In the real world, everything is different. Everyone must fend for themselves. There isn’t as much cooperation between people. People don’t talk to each other as much, and the things they discuss aren’t nearly as interesting overall. There are always exceptions to this rule, but people are basically too busy trying to survive to focus on those other things. It has always been this way. This is why the rich have so much power: money and time.

It’s hard to go from living in a magical fantasyland where anything seemed possible, to living in a world where you have to struggle to feed yourself and keep yourself housed and clothed. I didn’t realize what a challenge it would be to do these things.

When I decided to move back to California, the economy was tanking. I had fallen in love, and I was working two jobs to save money for the move. I imagined we’d land at my dad’s house, get jovs, and move into the city straight away. But, my sister was pregnant, and she and her husband moved into dad’s house. We both moved in on the same day. I applied to job after job, without even a whisper of interested. I finally got a terrible job serving entitled rich white people. My boyfriend got a job at a packaging store. We worked, him too much, me too little. We were miserable.
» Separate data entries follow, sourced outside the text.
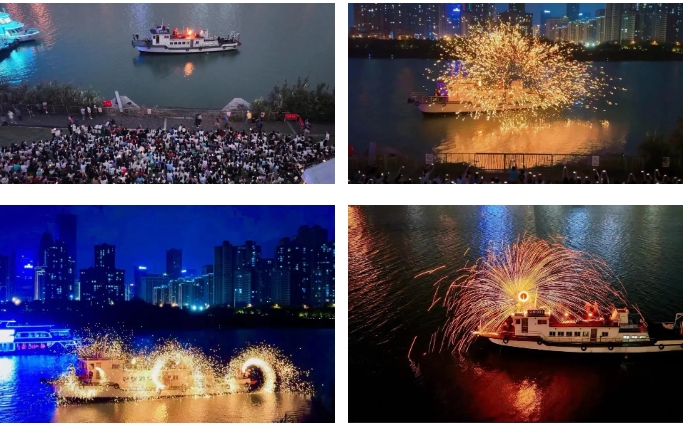 假期期间,南宁旅发公司在孔庙旅游码头为市民游客们献上这一幕“火树银花一朝落,万点星辰漫天散”的美景。
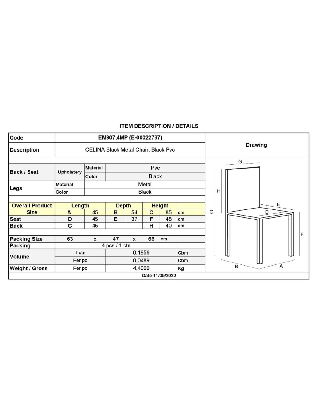 CELINA Καρέκλα Μέταλλο Βαφή Μαύρo, Pvc Μαύρο
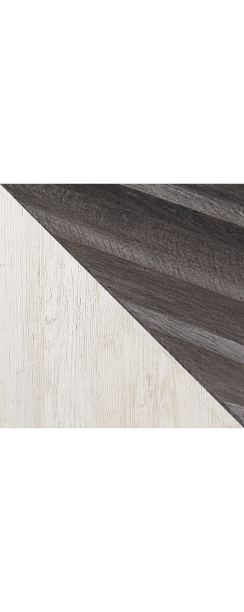 • Top with rustic gray planked replicated oak grain with authentic touch
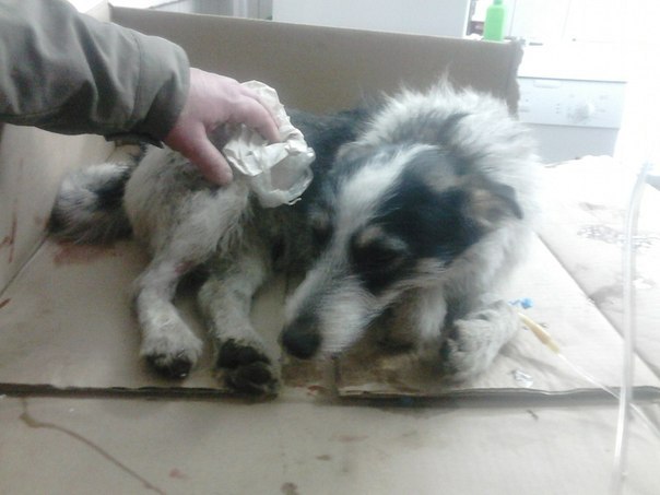 Аўчарку па мянушцы Рэд знайшлі каля Ласасянкі і патэлефанавалі сям’і Красільнікавых. Нягледзячы на жудасныя гнойныя раны і знямогласць, ён кусаўся і людзі баяліся да яго падысці.

It has been a rough year. With so many people unemployed, it seems useless to even apply for things. I have been depressed. I have gained weight. But I’m trying to toughen up. I’m trying to create my own business. I’m trying to take care of myself as best I can, and get a tighter grasp on all those things that make me happy. I try and listen to more music. I’m trying to dance more. I’m trying to connect with my friends, and be more involved in some kind of community.
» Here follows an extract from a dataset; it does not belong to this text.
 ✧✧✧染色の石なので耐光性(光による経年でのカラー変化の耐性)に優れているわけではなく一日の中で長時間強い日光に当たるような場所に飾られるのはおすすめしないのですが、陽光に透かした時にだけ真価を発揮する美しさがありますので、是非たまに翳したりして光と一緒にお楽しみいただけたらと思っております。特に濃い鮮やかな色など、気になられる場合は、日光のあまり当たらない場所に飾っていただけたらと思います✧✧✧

I am just starting, and it is hard. All my ideas of what life is supposed to be like, and who I am, have been changing. Once, someone said to me that the best wine come from vines which have suffered. Bad weather, wind, drought, flood, all of these things that tax the vines make the grapes richer. The experience makes the wine more complex, more interesting, more satisfying to the taste. I keep trying to think of this place as temporary, of this darker time in my life as something that is just starting to end. Things will turn around, as they do. I can still make things happen, and I shouldn’t stop trying.